Like Thuney, Linsley broke the bank. Also like Thuney, Linsley’s worth every penny. Justin Herbert is going to be a sensational quarterback for a long time — IF the Bolts put him in a position to succeed. A big part of that is providing the proper protection.
Tom Telesco knows what he’s doing, and the Chargers GM knew he had to sign the best center in the game. I audibly yelled “WOW!” when this move came across last week. Color me obsessed. And this is the kind of transaction — in conjunction with the Chargers’ coaching change — that has me fired up about Los Angeles making the playoffs in 2021.
Trade terms: Acquired from the Philadelphia Eagles in exchange for a 2021 third-round pick and a conditional 2022 second-rounder.
I love it. You don’t have to guess if Wentz can be a star. He’s been one. He was well on his way to receiving my Associated Press MVP vote in 2017, prior to tearing up his knee in Week 14. He carried a bunch of no-names to the playoffs in 2019, going 4-0 in the division down the stretch while playing brilliant ball.
Now, in 2020, you can make a case he was the worst QB1 in the NFL. Fine. I think it was circumstantial — and a blip on the radar. I know he can thrive under Colts coach Frank Reich, who was Wentz’s offensive coordinator in that spectacular 2017 campaign. Compared to the Philadelphia team Wentz just left, Indy has a vastly superior line, a much better defense and a run game. Wentz will thrive. Indy will win the AFC South.
Contract terms: One year, $9.5 million with $9 million guaranteed.
Chicago dumped Fuller because of his cap number, and he was on the street for what felt like 30 seconds. Not surprising. The 29-year-old is still an excellent corner. And who scooped him up? Former Chicago defensive mastermind Vic Fangio, something that did NOT go unnoticed by Bears fans. Fuller led the league with seven picks and earned first-team All-Pro honors under Fangio in 2018. This is sheer perfection.
If (when) Denver improves the quarterback position, this team might just have something. The Broncos haven’t made the playoffs since winning Super Bowl 50. A five-year postseason drought is too long for such a proud franchise.
Trade terms: Acquired from the Las Vegas Raiders (along with a 2021 seventh-round pick) in exchange for a 2021 third-round selection.

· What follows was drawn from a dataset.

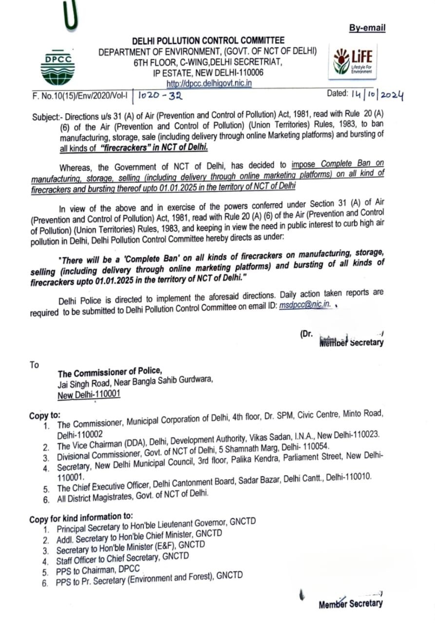 नई दिल्ली: दिल्ली प्रदूषण नियंत्रण समिति (DPCC) ने राष्ट्रीय राजधानी क्षेत्र (NCT) में 1 जनवरी 2025 तक सभी प्रकार के पटाखों के निर्माण, भंडारण, बिक्री, और ऑनलाइन माध्यमों से वितरण और पटाखे फोड़ने पर पूर्ण प्रतिबंध का आदेश जारी किया है। इस आदेश का उद्देश्य दिल्ली में बढ़ते प्रदूषण के स्तर को नियंत्रित करना है, विशेषकर दिवाली और सर्दियों के दौरान जब वायु गुणवत्ता गंभीर रूप से खराब हो जाती है।

The Raiders’ offseason has been beyond wacky. And this seems to be an annual occurrence in the organization’s second Jon Gruden era. Las Vegas torpedoed the strength of its team, breaking up the offensive line. Enter Steve Keim, who took full advantage of the Raiders’ nonsensical approach.
Arizona is ready to win and go on a run. Keim improved the pass rush with J.J. Watt, the receiving corps with A.J. Green and a netted a huge, needed upgrade at kicker with Matt Prater. But it’s Hudson protecting Kyler Murray — while serving as a strong team leader — that will produce more wins than any other Cards move.

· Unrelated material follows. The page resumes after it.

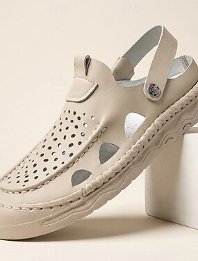 Sandales de pêcheur beiges pour homme, chaussures décontractées à bout fermé avec bride ajustable, idéales pour la marche, les voyages, les loisirs de plein air, les escapades de week-end, le confort quotidien en été et un style décontracté chic.

Contract terms: One year, $10.625 million fully guaranteed with another $3 million in incentives.
Miami needed an established threat opposite DeVante Parker in the worst way. Despite Fuller being suspended for Week 1, I really like this fit. Fuller can absolutely fly and make plays. The one-year contract was reasonable, given how much this deep threat affects opposing defenses, and Fuller will be highly motivated to boost his free agency stock for next offseason.
Miami still has a ton of flexibility with next month’s No. 3 overall pick. The Fins could add another pass-catching weapon (Ja’Marr Chase? Kyle Pitts? DeVonta Smith?) to help Tua Tagovailoa’s development even more in Year 2. Don’t sleep on Fuller’s hands and game-breaking ability. This cat’s dangerous.

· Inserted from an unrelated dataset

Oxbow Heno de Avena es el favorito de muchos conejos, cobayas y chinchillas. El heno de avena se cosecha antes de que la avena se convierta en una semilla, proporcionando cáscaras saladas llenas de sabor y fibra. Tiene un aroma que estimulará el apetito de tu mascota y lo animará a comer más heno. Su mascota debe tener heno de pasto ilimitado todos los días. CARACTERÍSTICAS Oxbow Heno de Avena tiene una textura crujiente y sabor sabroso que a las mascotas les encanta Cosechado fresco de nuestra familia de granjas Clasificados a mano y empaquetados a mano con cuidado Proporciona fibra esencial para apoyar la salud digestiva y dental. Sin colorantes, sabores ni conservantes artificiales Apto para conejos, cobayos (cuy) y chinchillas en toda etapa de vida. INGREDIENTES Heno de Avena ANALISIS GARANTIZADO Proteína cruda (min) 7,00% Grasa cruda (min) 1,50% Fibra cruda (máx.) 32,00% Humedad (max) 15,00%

Contract terms: Three years, $45 million with $30 million guaranteed.
I really like the start to the Jets’ offseason — and that includes their choice of Robert Saleh as head coach. Lawson is a rock-solid pass rusher. I am projecting here, but under the watchful eye of Saleh, I think he can blossom into a big-time player. The Jets won’t have the talent of the other three AFC East teams this year, but everything will change attitude-wise with Saleh instead of Adam Gase.
And don’t forget: The Jets haven’t had a viable edge rusher since John Abraham. If Lawson sacks the quarterback 12 times this year, I won’t bat an eye.